The ROC curve for the training and test sets is also visualized in Figure 8.

Receiver operating curve for the training and test sets.
Figure 8:
Receiver operating curve for the training and test sets.

Comparison between statistical and ML methods

The overall results suggest that the ML model was a better predictive model than the statistical model, i.e., the accuracy of the ML model (AUC = 0.850) is higher than the traditional statistical model (AUC = 0.782) [Tables 3 and 4]. The accuracy of the results was based on the statistically significant predictor’s age, HbA1c, HDL, Cr, and BMI. All predictors increased the chances of the development of DFA statistically and clinically.

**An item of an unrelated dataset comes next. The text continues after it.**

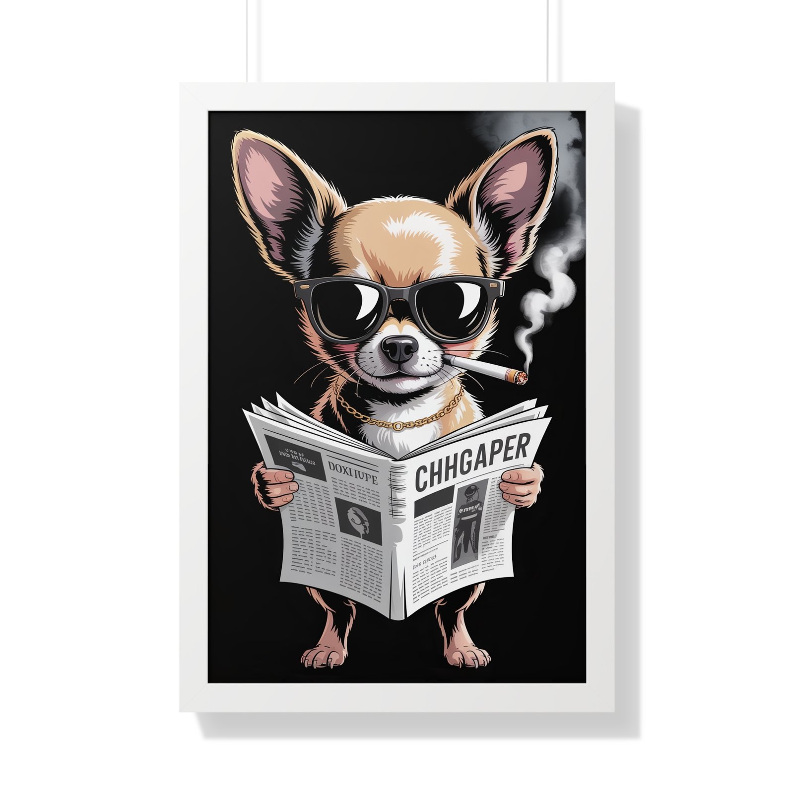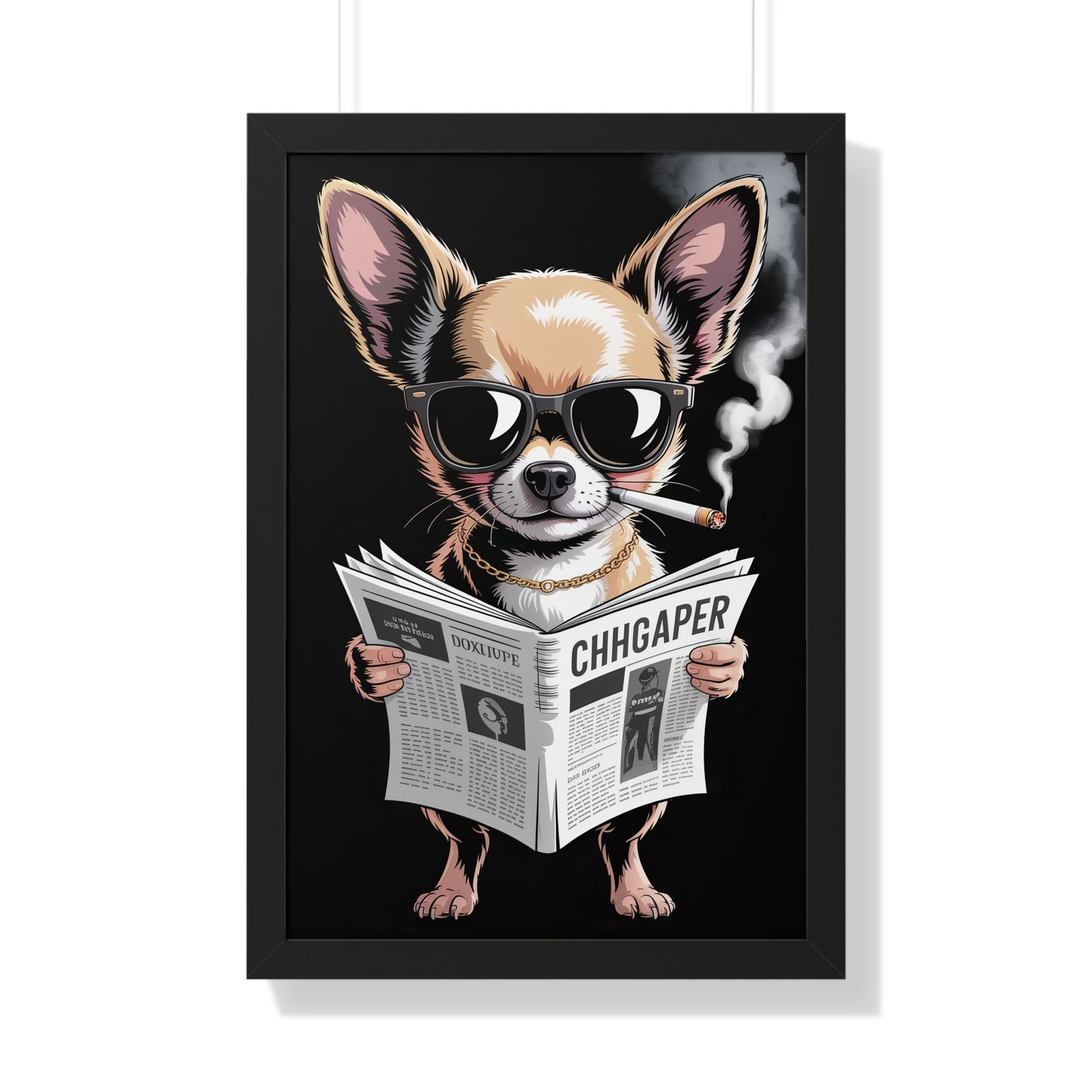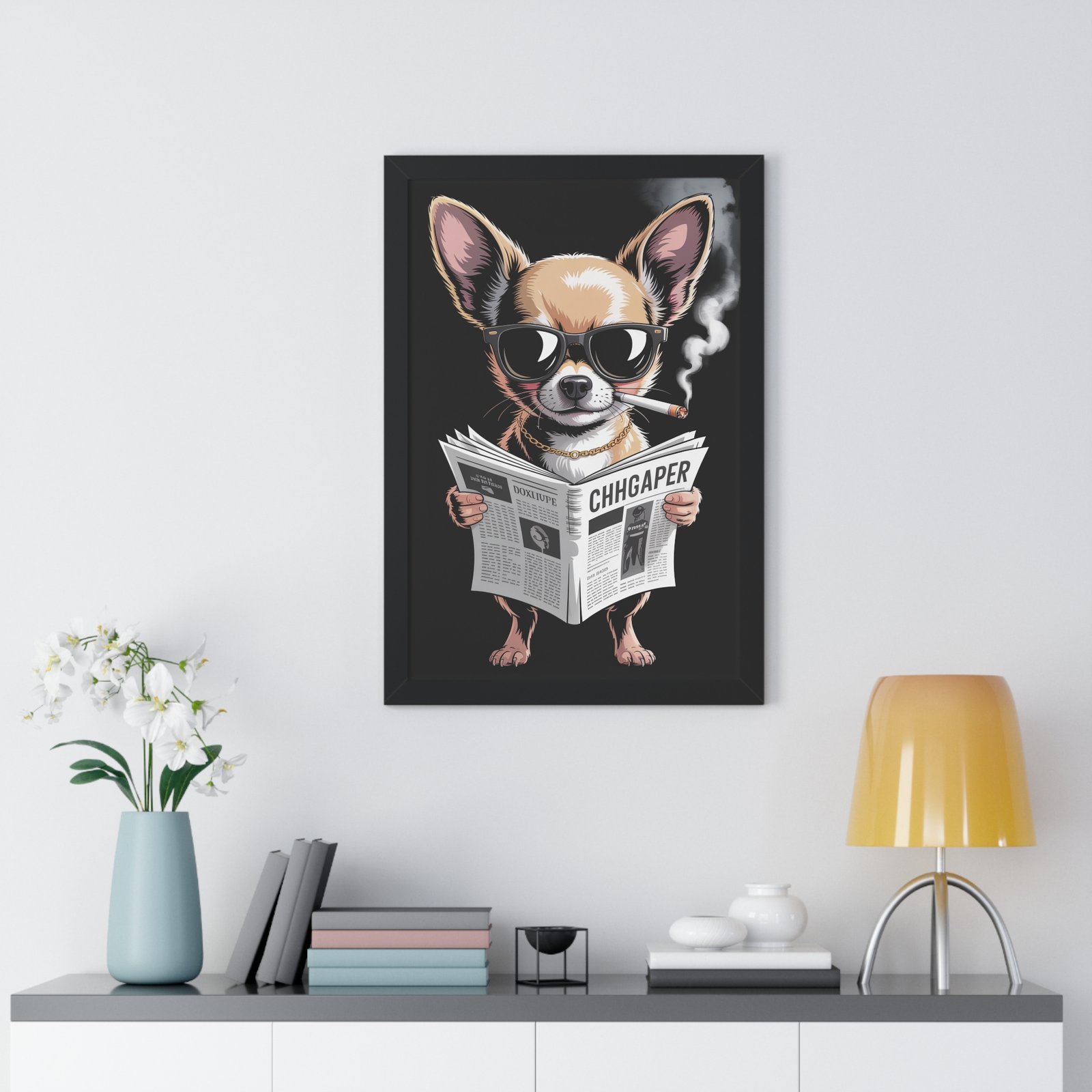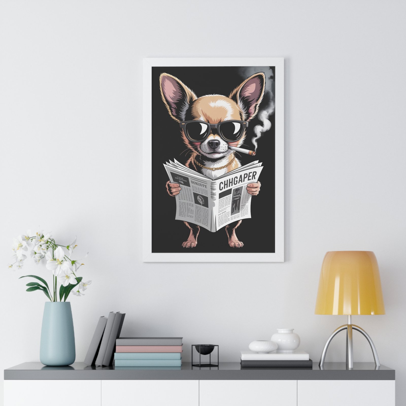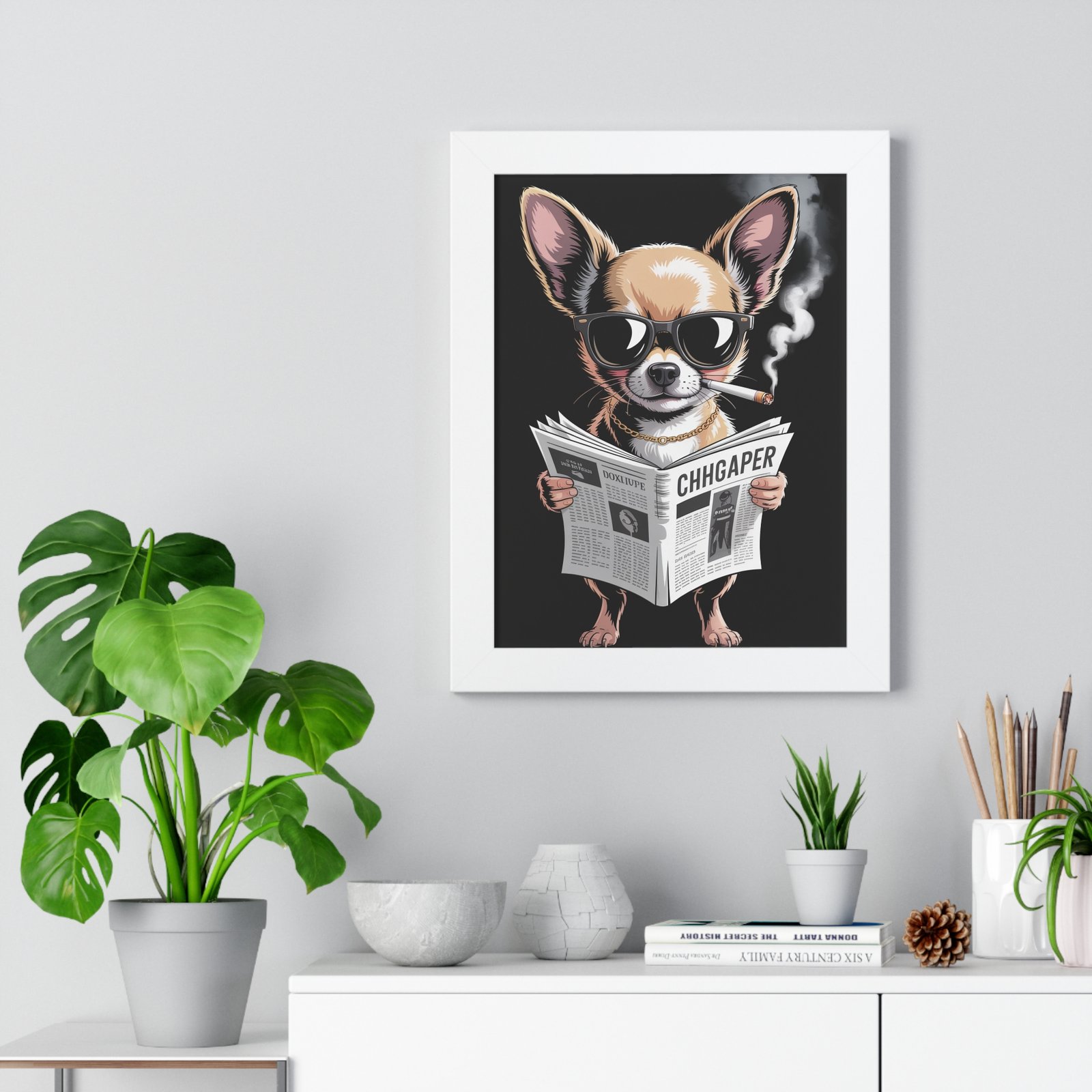 A framed vertical poster that brings playful personality to your wall. The print shows a sunglasses-wearing chihuahua reading a newspaper, set against a deep black background that makes the colors pop. The museum-quality matte paper holds crisp detail and resists yellowing over time. Choose a sleek black, warm walnut, or clean white frame—either durable MDF or lightweight Ayous wood—finished with a protective acrylic cover. Built-in or included hanging hardware makes it simple to display in a hallway, home office, or living room. This piece adds a cheeky, artful touch for dog lovers and anyone who likes a dash of humor in their decor.

The statistical model requires certain assumptions to determine the relationship between the variables while ML makes accurate predictions by identifying the pattern of the data without following strong assumptions about the underlying relationship. ML methods have some limitations such as data dependency, risk of bias, and data complexity and interpretability.

DISCUSSION

The present study proposes a survival prediction in foot ulceration patients associated with a long duration of diabetes. According to past studies, this is the first study in Pakistan to develop ANN model to predict DFA in DFU cases and to compare the accuracy of outcomes with the survival statistical model. The results indicate that it is likely to predict with high accuracy whether DFU patients will lead to foot amputation in the next 5 years after being diagnosed with DFU with non-invasive and low-cost clinical and biological predictors.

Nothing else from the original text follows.